Pass a comma separated string with brackets to a List

Issue

The method has to receive a String in format "[1,2,3,4,5]" with just integers inside, but it can also have "[1,2,3,[]]" or "[1,2,3,[1,2,3]]". I already have the code to just add the numbers to the list, but I can't figure out how to handle when I have another List inside.

I've thought of having a class List and when I find another brackets inside to call the function again, but don't know how to substring correctly when I see another opening bracket [. After I remove the brackets I split the string like this:

String[] arr = string.split(","); 

And start to add those results to the List I have to return with a for loop, my problem is when I see an opening bracket again [ I would have to substring and call with the resulting String my method again but don't know how to determine the closing bracket. What I've tried is to get the index of a closing bracket with indexOf:

String aux = arr[i];
int closingBracket = aux.indexOf("]");

But if I have an input string like [1,2,3,4,[,6] which shouldn't be accepted it will accept it.

Solution

What you need to do is figure out, on paper, what is called a finite state machine (FSM). When you encounter a token (comma, bracket, digit) you enter a particular state. Once in a certain state, you can only accept certain other tokens which may put you in a different state or leave you in the current one. You could have many different states which can accept different tokens and perform different actions.

For example.

When you see a digit, the next token may be.

 1.  Another digit
 2.  A closing bracket.
 3.  A comma.

Each of those tokens may prompt a different state and/or action.

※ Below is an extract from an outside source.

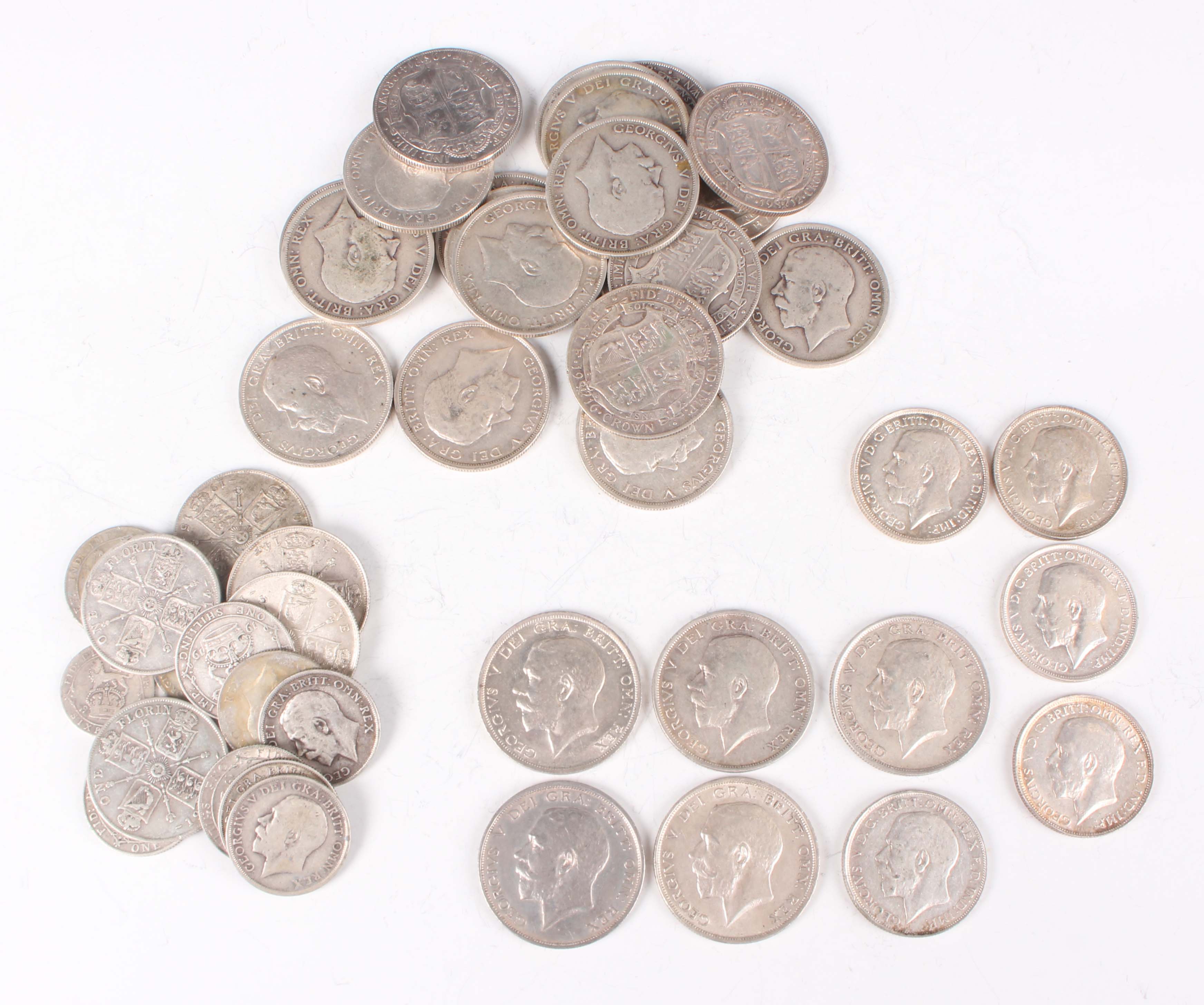 A large collection of George V silver coinage, including half-crowns, florins and shillings (good-very fine throughout).

 1. Another digit - keep on processing since numbers have many digits.
 2. closing bracket - save the number in a list and get the next list (See below)
 3. comma - save the number and look for next number

Assuming you want to save all of this in a list of lists it would be easiest to start off with a List<Object> since you can save integers and lists of lists in that type of list with indefinite depths.

I also suggest you look at the Stack class. You may want to be pushing the current list and popping a recent one as your parsing depth changes.

Finally, to ensure your brackets are properly matched to the following. Increment a counter when you see a '[' and decrement the counter when you see a ']'. If the counter ever goes negative, you have too many right brackets. If at the end it is positive, you don't have enough right brackets.

For more on this check out Finite State Machines at Wikipedia.

I decided to include a small example of what I was talking about. It may not cover all possible edge cases but the purpose is illustrative.

   public static void main(String[] args) {
      String strlist =
            "[1,2,113],     [4,5,[5,2,10],1], [],[1,2,3,4,5,[10,11,12,13,[14,15]]]";
      int bracketCount = 0;
      int num = 0;

      // inital list
      List<Object> list = new ArrayList<>();

      // hold sublists for precessing
      Stack<List<Object>> stack = new Stack<>();

      char[] chars = strlist.toCharArray();
      for (int i = 0; i < chars.length; i++) {
         char c = chars[i];
         switch (c) {
            // state1 left bracket - push current list on stack for later
            // retrieval
            // allocate new list and add it to one just pushed (remember,
            // I still have its reference).
            // Assign nlist to list
            // increment bracket count
            case '[':
               stack.push(list);
               List<Object> nlist = new ArrayList<>();
               list.add(nlist);
               list = nlist;
               bracketCount++;
               break;
            // state2 right bracket - Finished processing current sublist.
            // if previous tokens were not brackets, then add the
            // number to the list and pop off the previous one.
            // decrement bracket count
            case ']':
               if (chars[i - 1] != '[' && chars[i - 1] != ']') {
                  list.add(num);
               }
               list = stack.pop();
               bracketCount--;
               break;
            // state3 - whitespace - ignore
            case ' ':
            case '\t':
               break;
            // state4 comma - if previous token was not a right bracket,
            // then add number. Reset num for next number.
            case ',':
               if (chars[i - 1] != ']') {
                  list.add(num);
               }
               num = 0;
               break;
            // state5 digit - assumed to be a digit. Each time a digit
            // is encountered, update the number
            default:
               num = num * 10 + c - '0';
         }
         if (bracketCount < 0) {
            System.out.println("too many ] brackets at location " + i);
         }
      }
      if (bracketCount > 0) {
         System.out.println("insufficent number of ] brackets");
      }
      System.out.println(list);
   }
}

Note that in the above example, the "states" are rather "pseudo states." That is you don't need to check the current state you are in in order to determine how to process the current token or flag an error.

Answered By - WJS